MALAWI – The Malawi Bureau of Standards (MBS) has marked 50 years of promoting standardization and quality assurance in Malawi under the theme “MBS – Partner for Industrialization”. 

A parade was conducted as part of the festivities from Blantyre’s old town to Kamuzu College of Health Sciences, where several events were held.

Speaking at the occasion, the Bureau’s Acting Director General, Mr. Thomas Senganimalunje, emphasized a number of accomplishments since its founding in 1972.

“It should be noted that when the MBS was established in 1972, it was only testing pesticide residues in tobacco samples destined for exports.

“We can provide a lot of services from standards development to conformity assessment, where testing of food and non-food products, verification and calibration of weighing and measuring instruments and also the certification of locally produced imported and exported products and services are done,” he said.

The bureau claims that over the past 50 years, it has helped to produce more than 1,800 Malawi Standards and built the capacity to evaluate more than 70 000 samples annually while fulfilling national and international standards.

Rex Moyo, the Acting Director General, told the media in Blantyre that they anticipate expanding their scope of accreditation with the completion of their K18.3 billion (U.S$17,875,606.53) office complex, which would include state-of-the-art laboratory equipment.

“In our current premises, we have had challenges going for accreditation in more scopes as our laboratory is not purpose-built. As we move to the new premises, which have a controlled environment, we expect the results of [our] accreditation to be accepted worldwide,” he said.

He said that the MBS would keep educating small- and medium-sized company owners about the value of adhering to Malawian standards.

“Most of our people are employed in the informal sector. We do realize that people have the capacity to produce but do not have an understanding of standards. As such we decided to train them to be knowledgeable about standards,” said Moyo.

Small and medium-sized businesses, in Moyo’s opinion, can export their goods outside of Malawi and thereby bring in foreign currency.

The Board Chairperson, Mr.
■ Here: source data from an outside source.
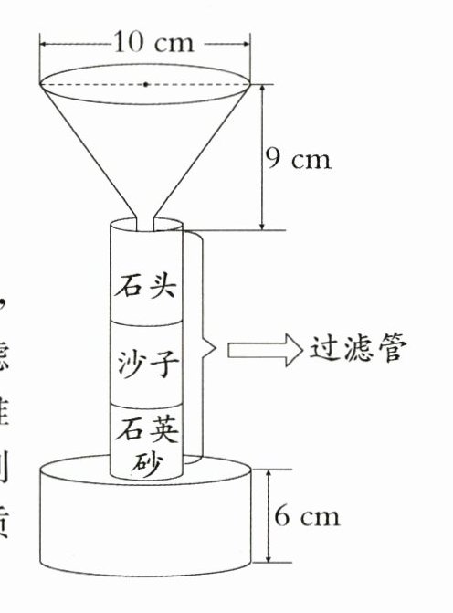 12. 新素养 几何直观 安安自制了一个污水过滤器进行污水过滤实验,如图所示。将污水倒入上方的近似圆锥形容器内,经过过滤管的过滤后,清水滴入下方的圆柱形容器(与圆锥形容器底面相同)。这个圆锥形容器一次能装入( )mL的污水。如果这些污水全部过滤到如图圆柱形容器中,水的高度是( )cm。(不考虑过滤掉的杂质的体积)
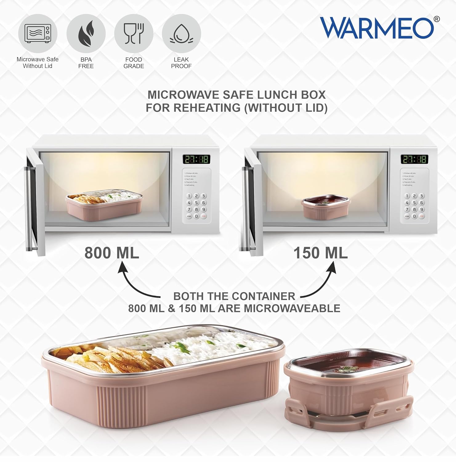 - ✅ “Microwave-Safe: Both the main lunchbox (800ml) and inner container (150ml) are safe for microwave use (without lid).
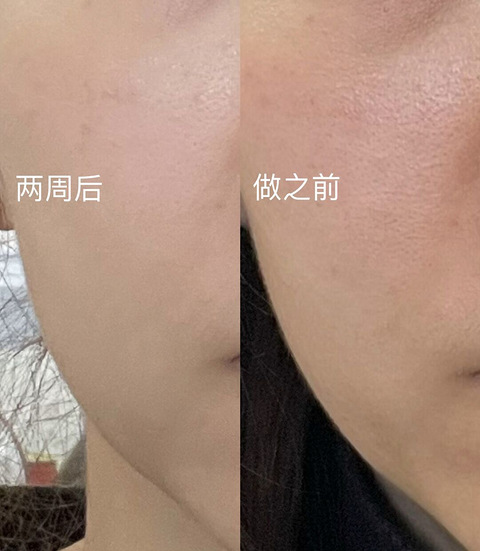 时隔三个多月,看到了热玛吉带来的美好效果,心痒痒想试试看新项目。说是不管是脸上的红血丝、暗沉、毛孔、痘印,都有帮助。做起还是痛,自己网上先买好冷敷面膜啊,现场买感觉被坑了好多钱。 但是你们看看两周的对比图,反正,我入坑了
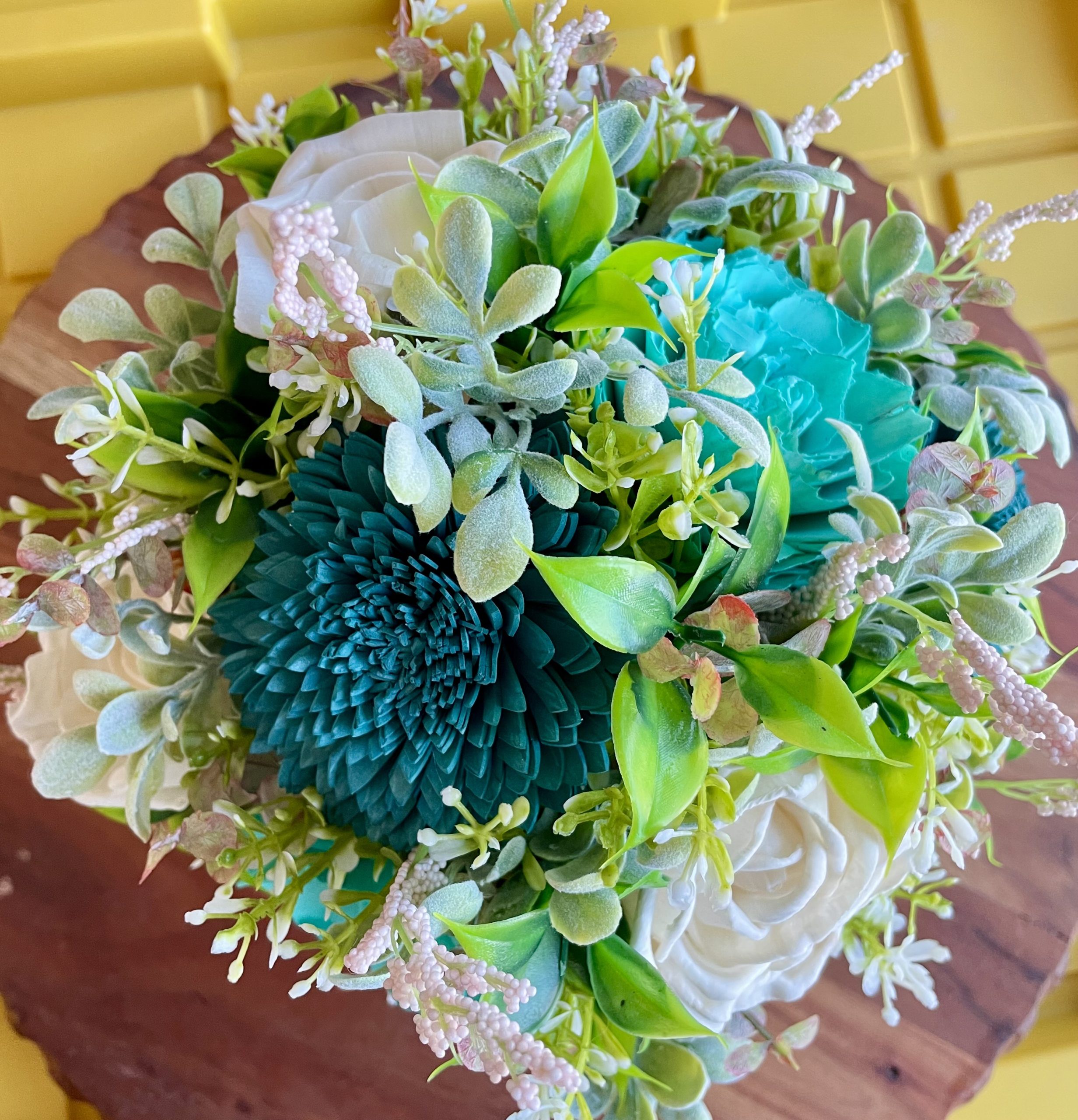 ABOUT WOOD FLOWERS: Wood flowers are individually handmade and hand painted. They will last forever as long as they are kept moisture free. To dust, we recommend using a hair dryer on low.
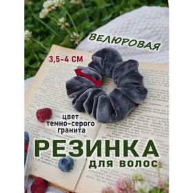 НАЙТИ ВЫГОДНЕЕ - Резинка для волос бархатная/велюр темно-серый гранит 1шт
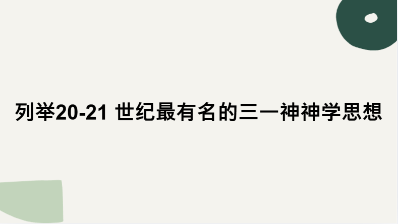 • 20世紀前期:巴特與拉納奠基,恢復三一的中心地位,反對自由主義的邊緣化。
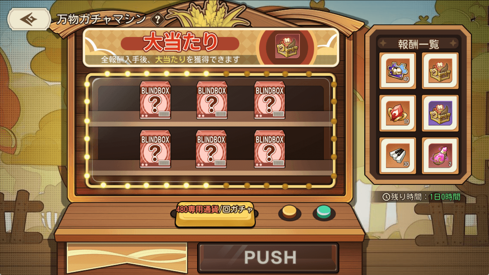 2.各アイテムは1回しか排出せず、万物ガチャマシンを最大6回回せます。
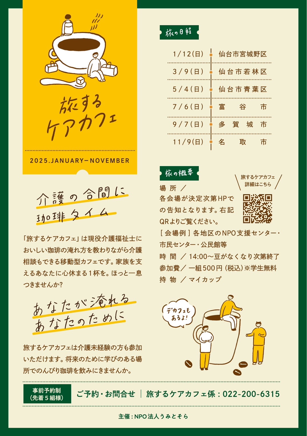 主催 NPO法人うみとそら 旅するケアカフェ係 まで
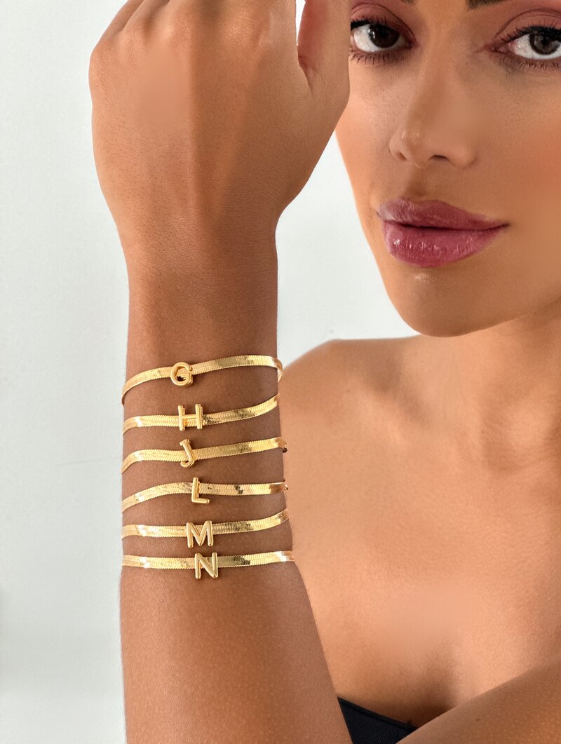 Pulseira Folheada a Ouro 18k e Prata 925 Fita Laminada com Inicial

Davlin M.D. Chokazinga thanked the Malawian government and development partners including the European Union (EU), Norwegian Agency for Development Cooperation (NORAD), United Nations Development Program (UNDP), United Nations Industrial Development Organization (UNIDO), International Atomic Energy Agency (IAEA), and World Bank for their technical and financial support that allowed the Bureau to reach its current state.

“This celebration is indeed of greater public importance and it provides an opportunity for us to reflect on where we are coming from and where we are going,” he said.

Among other things, the MBS honored the winners of this year’s African Organisation for Standardization (ARSO) Essay Competition as well as long-tenured employees who have worked for the bureau for more than 25 years.